Sadly, the thought of owning a $276,405 vehicle such as the 2010 Bentley Continental GTC Speed in the midst of a recession seemed like something to apologize for, even if I was only borrowing it for a few days. Is that what capitalism has become? The good news is that the Bentley's cloth top raises in just 20 seconds, and with the remarkable sound-deadening materials used, there is no way to hear the cries of the proletariat unless they get really, really close. And with a 600-horsepower, twin-turbocharged V-12 under the hood, what are the odds of that happening?

Actually, pretty good, because even with a big 23.8-gallon gas tank, when you are only getting an EPA-rated 10 miles per gallon in the city, you still have to stop for fuel a lot. And that will be premium, please, unless you have something better than premium.

Driving the Bentley Continental GTC Speed makes you feel especially blessed, because this is not, after all, the common Continental GTC, which has only 552 horsepower. The Speed model is somehow even more deluxe, with options that can cost more than an entire car -- ceramic brakes, for instance, add $16,500 to the price, which would buy you a nice new Ford Focus.

GTC Speed owners can look with pity upon the owners of mere non-Speed GTCs, which must be the ultimate form of snobbery.


For decades, Bentley and Rolls-Royce were literally joined at the hip, at one point essentially the same car with different badges.

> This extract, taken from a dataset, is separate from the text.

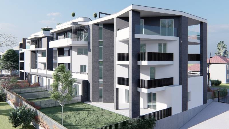L'architettura elegante e moderna è arricchita da una curata scelta del verde, rivestimenti in gres effetto pietra, pannelli frangisole e parapetti in ferro grigio, offrendo soluzioni abitative di grande fascino.
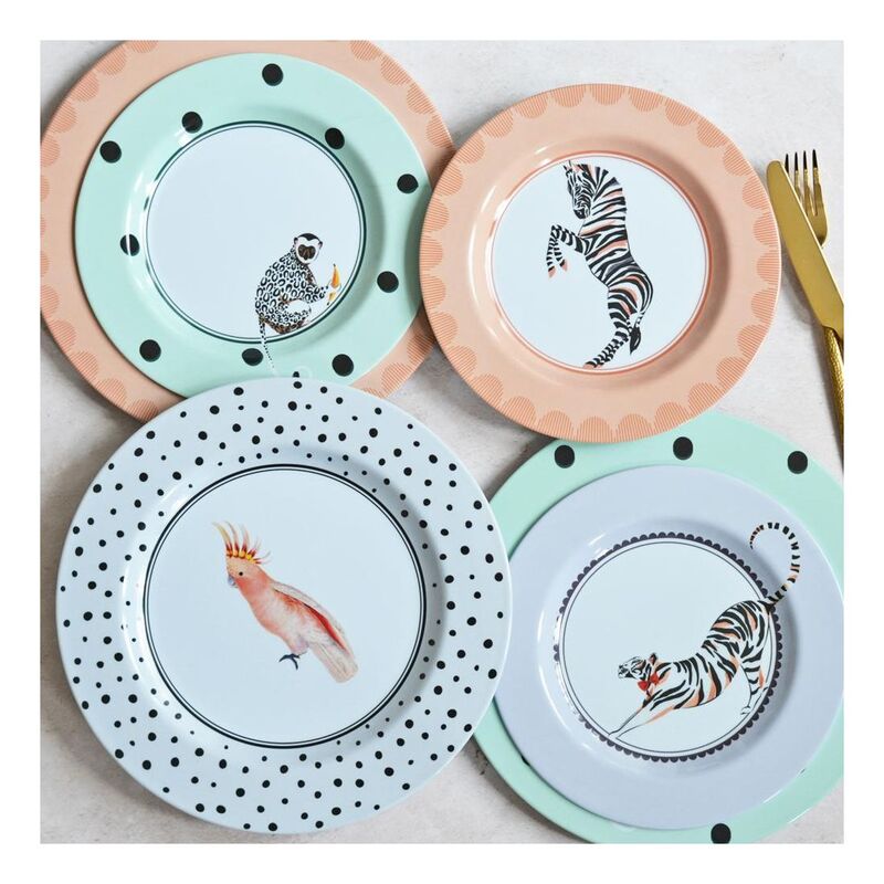These set of 4 melamine Yvonne Ellen plates would be a stunning addition to any picnic! Featuring her iconic animal prints! Dimensions 21.5cm

But in a complex and downright messy transaction, BMW ended up with Rolls, and Volkswagen ended up with Bentley, and the two German rivals and done an impressive job of putting their own stamp on the brands.

BMW engines now power Rolls, and this GTC Speed is powered by a 6.0-liter engine that is basically a pair of Volkswagen V-6 engines melded into a single 12-cylinder. The transmission is a six-speed automatic. Old friend Dennis Simanaitis of Road & Track magazine says the Bentley GTC Speed's acceleration is like "being majestically pulled forward on a silken cord," and I can't really top that.

Even with 600 horsepower, and an advertised top speed of 200 mph, the Bentley doesn't feel as fast as you might think, due in part to the weight of over 5,500 pounds, or about the same as a Chevrolet Tahoe. Still, due largely to the air-cushioned suspension, the car is startlingly light on its feet, right up until you drive hard into a tight turn, where even the finest engineers can't entirely mask 3 tons, including gas and passengers.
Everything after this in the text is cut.